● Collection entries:
◇ ◇ ◇ ◇
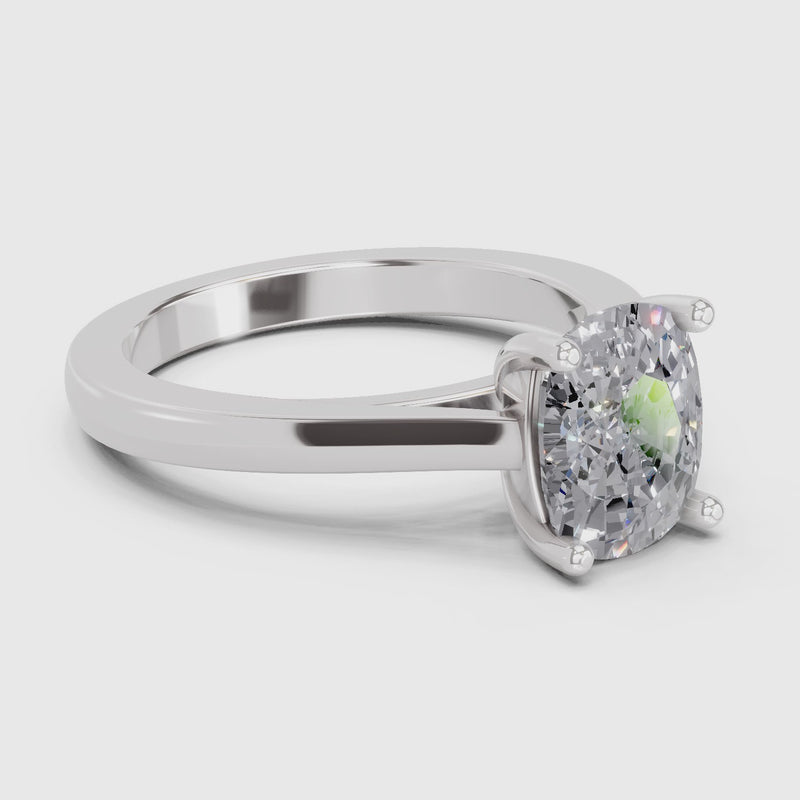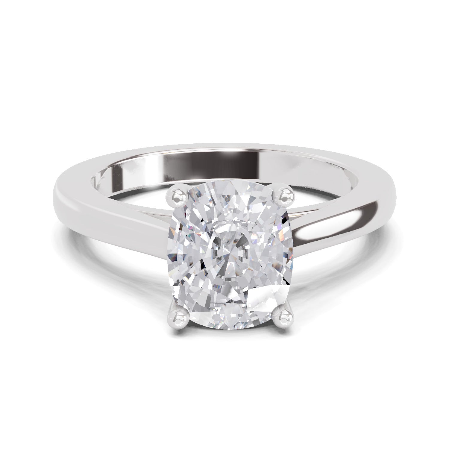 3 Ct Cushion Shape Solitaire Diamond Ring| 14K White Gold
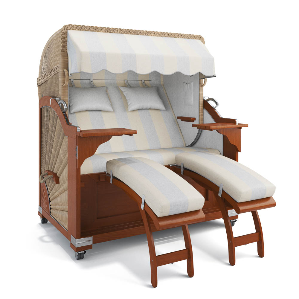 Mit diesem Strandkorb erfüllen Sie sich jeden Tag Ihre Urlaubsträume. Genießen Sie maritimes Flair in Ihrem Garten, auf der Terrasse oder auf dem Balkon. Auch im Wintergarten ist das Strandkorb-Modell „Keitum“ der ideale Platz zum Entspannen. Durch die geschwungene Form, das hochwertige Mahagoniholz und die hochglanzpolierten Edelstahlbeschläge wirkt das Outdoor-Möbel zudem als dekorativer Blickfang. Mit exquisiten Details wie Sonnengeflecht und Ornament-Schnitzerei zeigt sich der Premium-Strandkorb von seiner schönsten Seite. Neben zwei Klapptischen und höhenverstellbaren Fußablagen zum Einhängen gehören auch zwei bequeme Nackenkissen zum Lieferumfang, ebenso wie Abdeckhaube, Duo-Lifter und Rollen. Freuen Sie sich auf entspannte Stunden in Ihrem eigenen Strandkorb zu Hause.
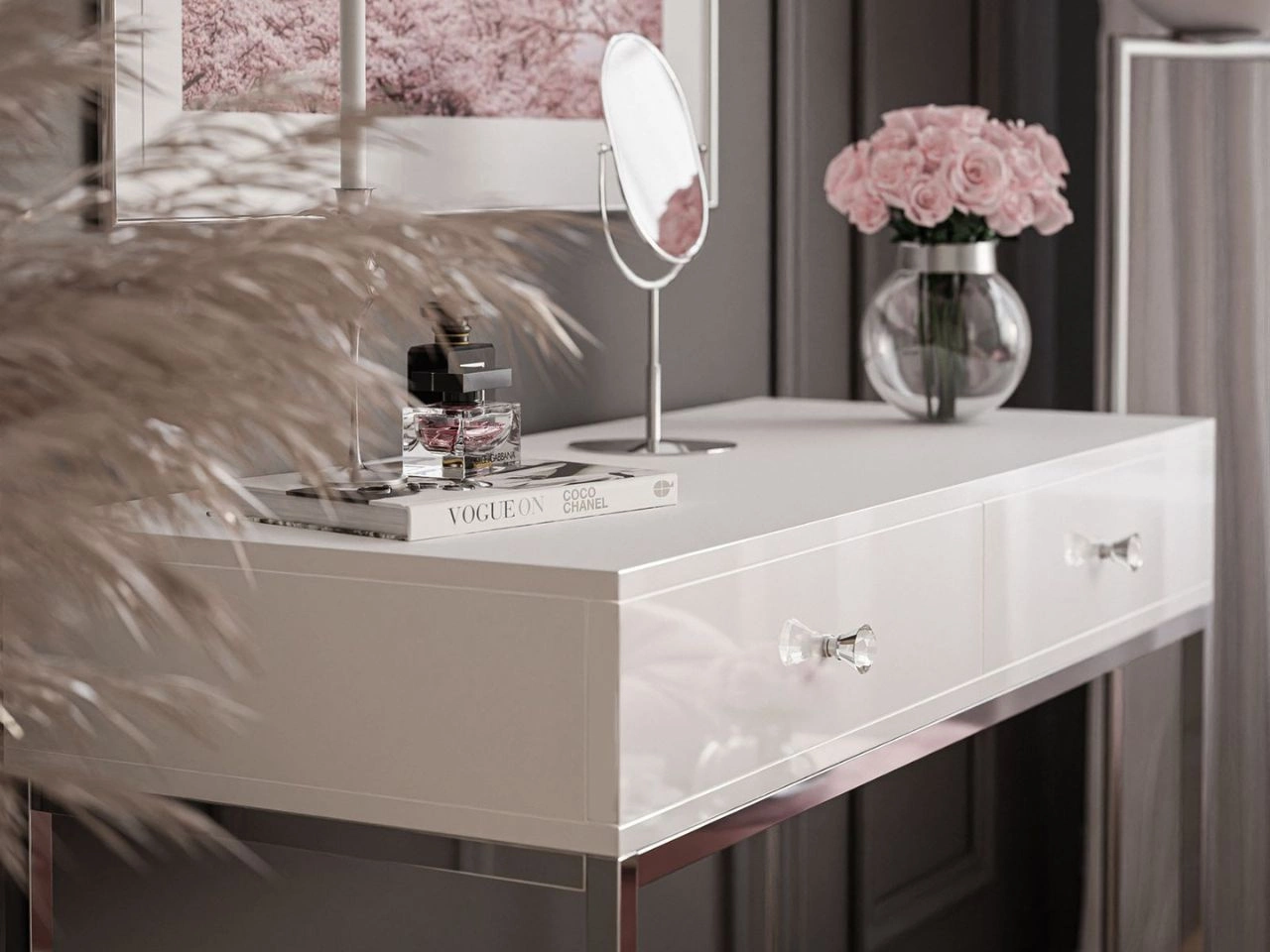 Konsola z szufladami, srebrnym stelażem i kryształowymi uchwytami Brisa biały połysk
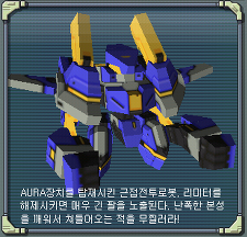 AURA장치를 탑재시킨 근접전투로봇. 리미터를 해제시키면 매우 긴 팔을 노출된다. 난폭한 본성을 깨워서 쳐들어오는 적을 무찔러라!
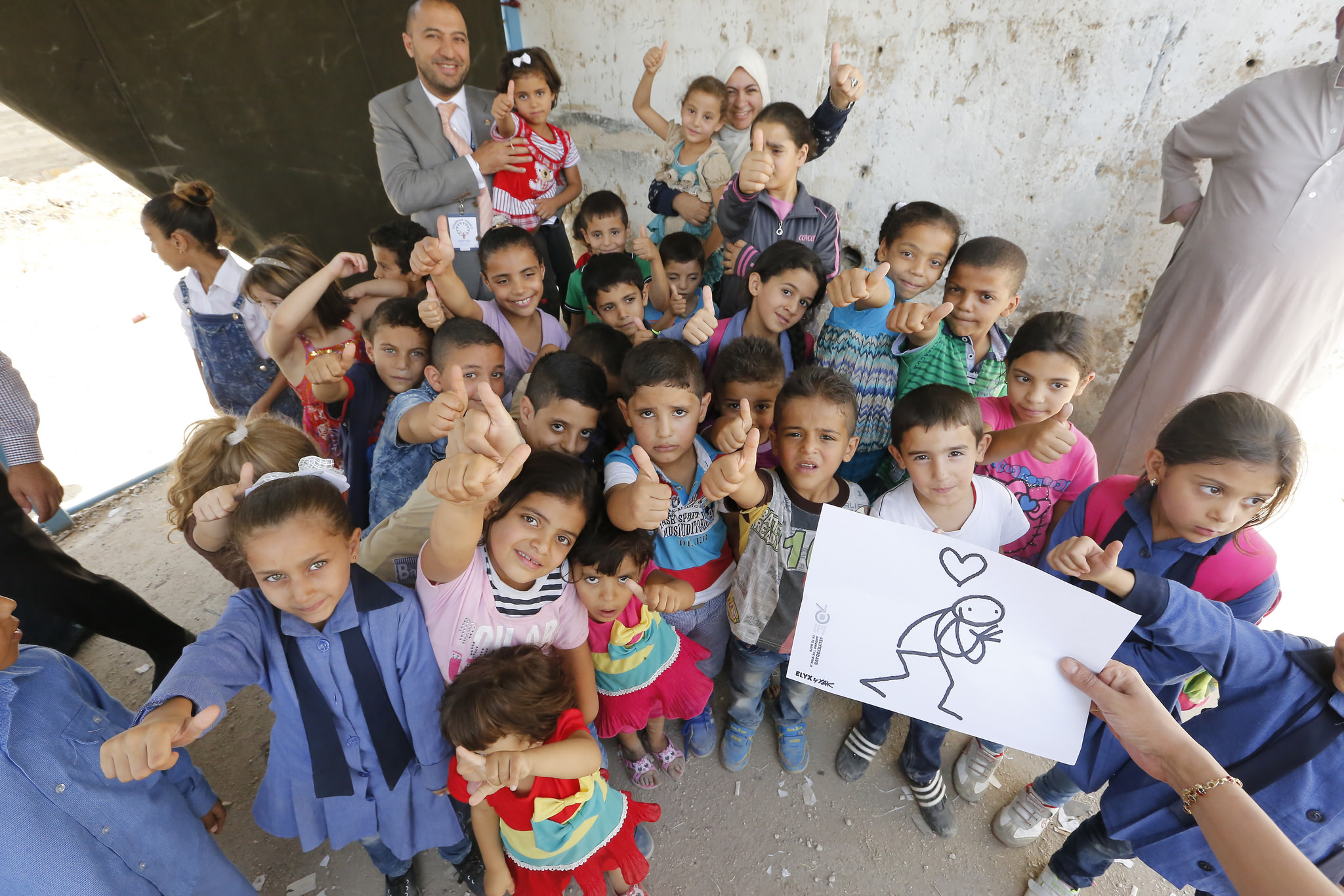 Elyx hangs out with young students from the Nuzha neighbourhood near Amman in Jordan, who have received school bags and stationery donated by the Chalhoub Group to UNRWA. © 2015 UNRWA Photo.
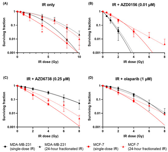 The radiosensitizing capability of AZD0156 (0.01 µM), AZD6738 (0.25 µM) and olaparib (1 µM) was initially evaluated through their combined use with single-dose IR. MDA-MB-231 and MCF-7 cells were treated with each drug an hour before single-dose irradiation at 0.5 to 4 Gy, and clonogenic assays were performed to assess cell survival. The only DDR inhibitor which induced significant radiosensitization in these conditions was AZD0156. This enhancement of single-dose IR cytotoxicity was observed at all IR doses in MDA-MB-231 cells, whereas in MCF-7 cells, it reached significance only at 4 Gy. On the other hand, AZD6738 and olaparib did not lead to significant radiosensitization in either cell line (Figure 5A,B).
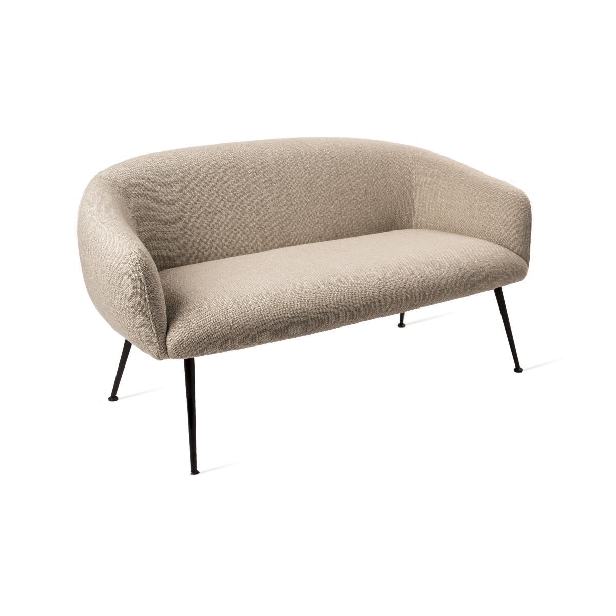 With its slender metal base and inviting curves, the Buddy sofa is inspired by fifties' elegance. The large padded seat is upholstered with elegant fabric. This versatile 2-seater sofa in a compact size is ideal for tight spaces. It fits into any space: house, office, business use. Its simple appearance lets it blend harmoniously into our daily lives without upsetting our visual environment. It is ideal as an end sofa or to create a relaxation area in any room in the house: a bedroom, entrance or dressing room.
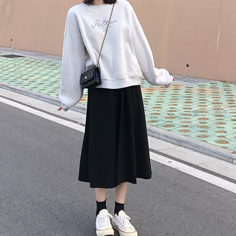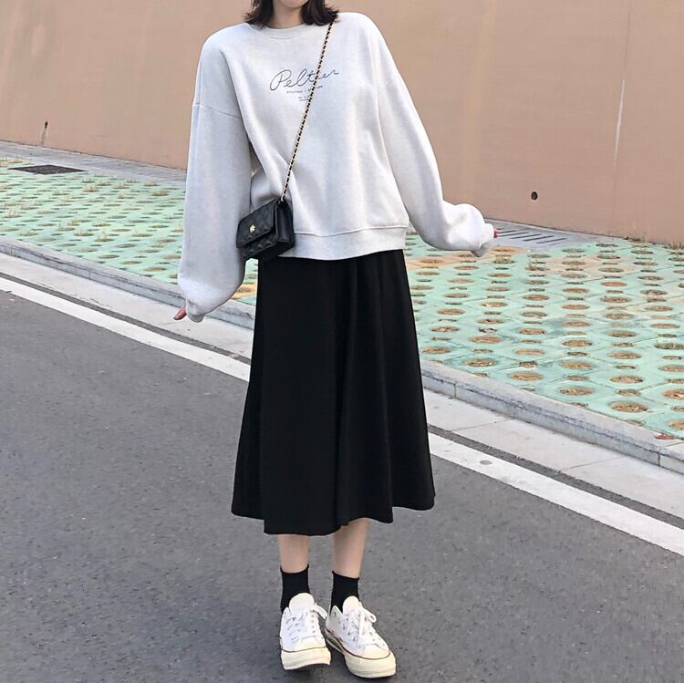 ブラックスカート スプリングハイウェストウェストスリムAライン 春物 試着室36081796295
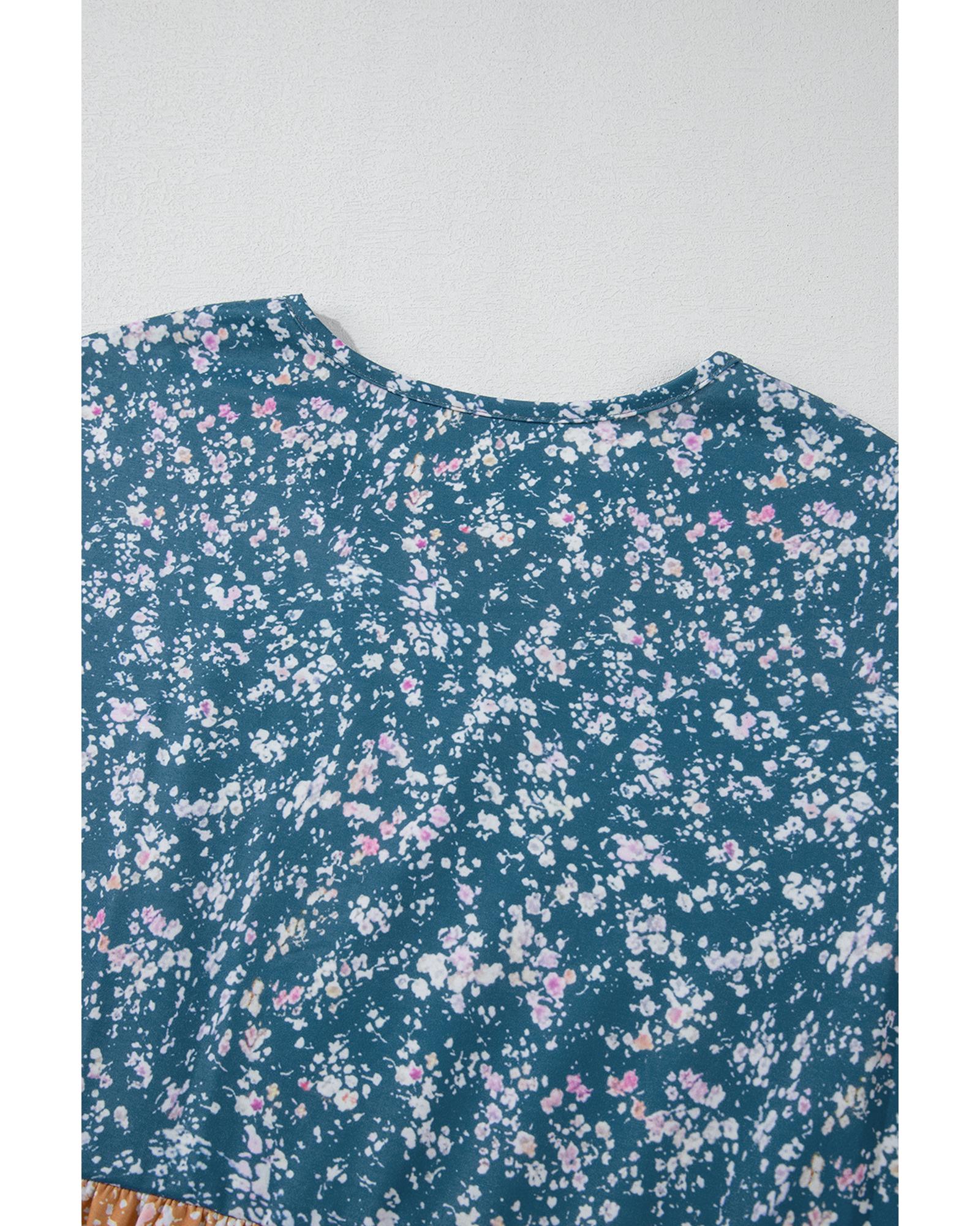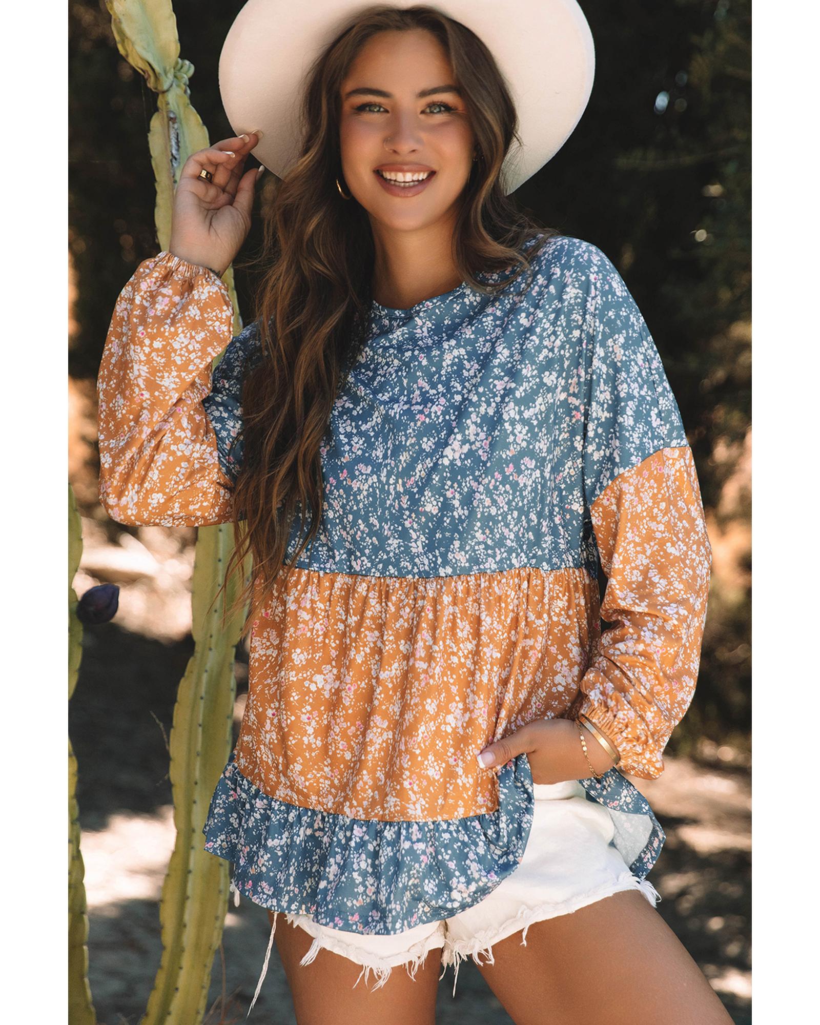 Desert Gold Floral Puff Sleeve Patchwork Round Neck Blouse - M Original price was: $66.99.Current price is: $35.99.
◇ ◇ ◇ ◇
● Task to carry out: Pictures stay out; reproduce every line of the records exactly.

● Your solution:
 3 Ct Cushion Shape Solitaire Diamond Ring| 14K White Gold
 Mit diesem Strandkorb erfüllen Sie sich jeden Tag Ihre Urlaubsträume. Genießen Sie maritimes Flair in Ihrem Garten, auf der Terrasse oder auf dem Balkon. Auch im Wintergarten ist das Strandkorb-Modell „Keitum“ der ideale Platz zum Entspannen. Durch die geschwungene Form, das hochwertige Mahagoniholz und die hochglanzpolierten Edelstahlbeschläge wirkt das Outdoor-Möbel zudem als dekorativer Blickfang. Mit exquisiten Details wie Sonnengeflecht und Ornament-Schnitzerei zeigt sich der Premium-Strandkorb von seiner schönsten Seite. Neben zwei Klapptischen und höhenverstellbaren Fußablagen zum Einhängen gehören auch zwei bequeme Nackenkissen zum Lieferumfang, ebenso wie Abdeckhaube, Duo-Lifter und Rollen. Freuen Sie sich auf entspannte Stunden in Ihrem eigenen Strandkorb zu Hause.
 Konsola z szufladami, srebrnym stelażem i kryształowymi uchwytami Brisa biały połysk
 AURA장치를 탑재시킨 근접전투로봇. 리미터를 해제시키면 매우 긴 팔을 노출된다. 난폭한 본성을 깨워서 쳐들어오는 적을 무찔러라!
 Elyx hangs out with young students from the Nuzha neighbourhood near Amman in Jordan, who have received school bags and stationery donated by the Chalhoub Group to UNRWA. © 2015 UNRWA Photo.
 The radiosensitizing capability of AZD0156 (0.01 µM), AZD6738 (0.25 µM) and olaparib (1 µM) was initially evaluated through their combined use with single-dose IR. MDA-MB-231 and MCF-7 cells were treated with each drug an hour before single-dose irradiation at 0.5 to 4 Gy, and clonogenic assays were performed to assess cell survival. The only DDR inhibitor which induced significant radiosensitization in these conditions was AZD0156. This enhancement of single-dose IR cytotoxicity was observed at all IR doses in MDA-MB-231 cells, whereas in MCF-7 cells, it reached significance only at 4 Gy. On the other hand, AZD6738 and olaparib did not lead to significant radiosensitization in either cell line (Figure 5A,B).
 With its slender metal base and inviting curves, the Buddy sofa is inspired by fifties' elegance. The large padded seat is upholstered with elegant fabric. This versatile 2-seater sofa in a compact size is ideal for tight spaces. It fits into any space: house, office, business use. Its simple appearance lets it blend harmoniously into our daily lives without upsetting our visual environment. It is ideal as an end sofa or to create a relaxation area in any room in the house: a bedroom, entrance or dressing room.
 ブラックスカート スプリングハイウェストウェストスリムAライン 春物 試着室36081796295
 Desert Gold Floral Puff Sleeve Patchwork Round Neck Blouse - M Original price was: $66.99.Current price is: $35.99.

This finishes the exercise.